- [Description of the task]
Only the pictures are to be left out; write out the rest of the data exactly.

- [Collected data]
■ ■ ■ ■ ■

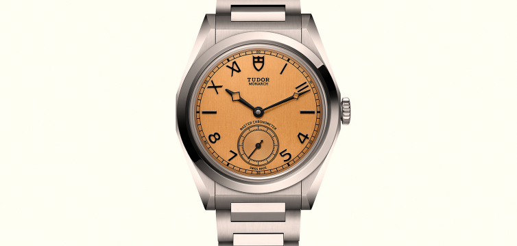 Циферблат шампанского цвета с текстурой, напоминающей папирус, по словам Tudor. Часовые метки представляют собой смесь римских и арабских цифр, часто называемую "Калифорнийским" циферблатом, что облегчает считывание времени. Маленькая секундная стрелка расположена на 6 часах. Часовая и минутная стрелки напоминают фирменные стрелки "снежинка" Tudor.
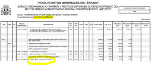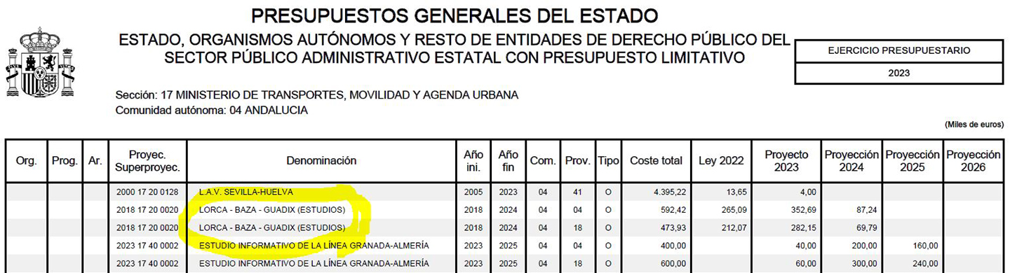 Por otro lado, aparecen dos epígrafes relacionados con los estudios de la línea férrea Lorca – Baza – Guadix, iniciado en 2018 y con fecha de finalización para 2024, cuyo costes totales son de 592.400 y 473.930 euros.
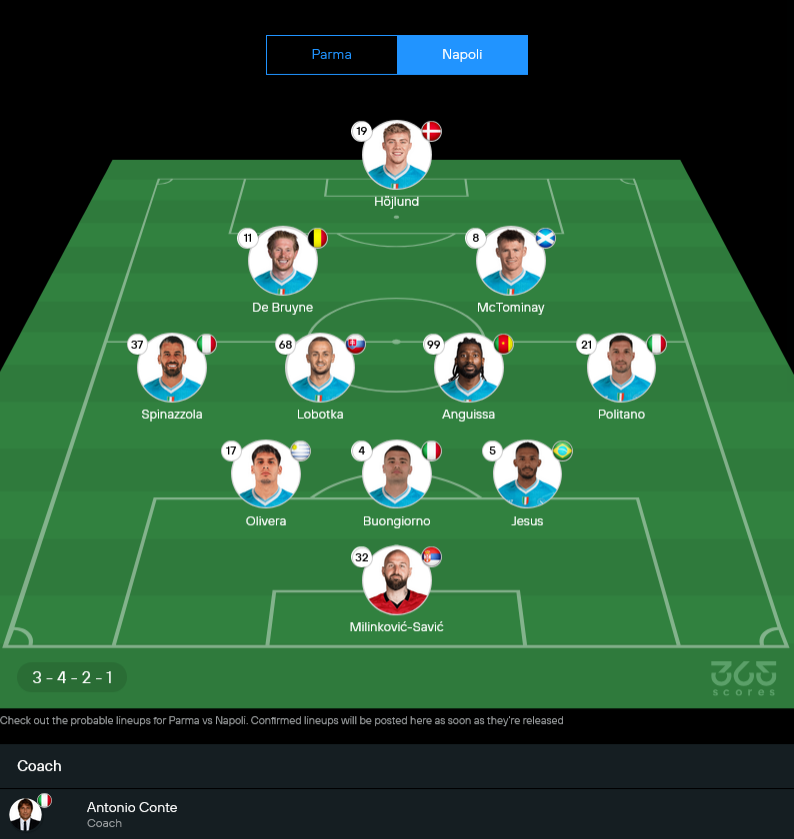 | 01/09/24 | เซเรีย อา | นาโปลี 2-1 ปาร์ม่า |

■ ■ ■ ■ ■

- [Response to the task]
 Циферблат шампанского цвета с текстурой, напоминающей папирус, по словам Tudor. Часовые метки представляют собой смесь римских и арабских цифр, часто называемую "Калифорнийским" циферблатом, что облегчает считывание времени. Маленькая секундная стрелка расположена на 6 часах. Часовая и минутная стрелки напоминают фирменные стрелки "снежинка" Tudor.
 Por otro lado, aparecen dos epígrafes relacionados con los estudios de la línea férrea Lorca – Baza – Guadix, iniciado en 2018 y con fecha de finalización para 2024, cuyo costes totales son de 592.400 y 473.930 euros.
 | 01/09/24 | เซเรีย อา | นาโปลี 2-1 ปาร์ม่า |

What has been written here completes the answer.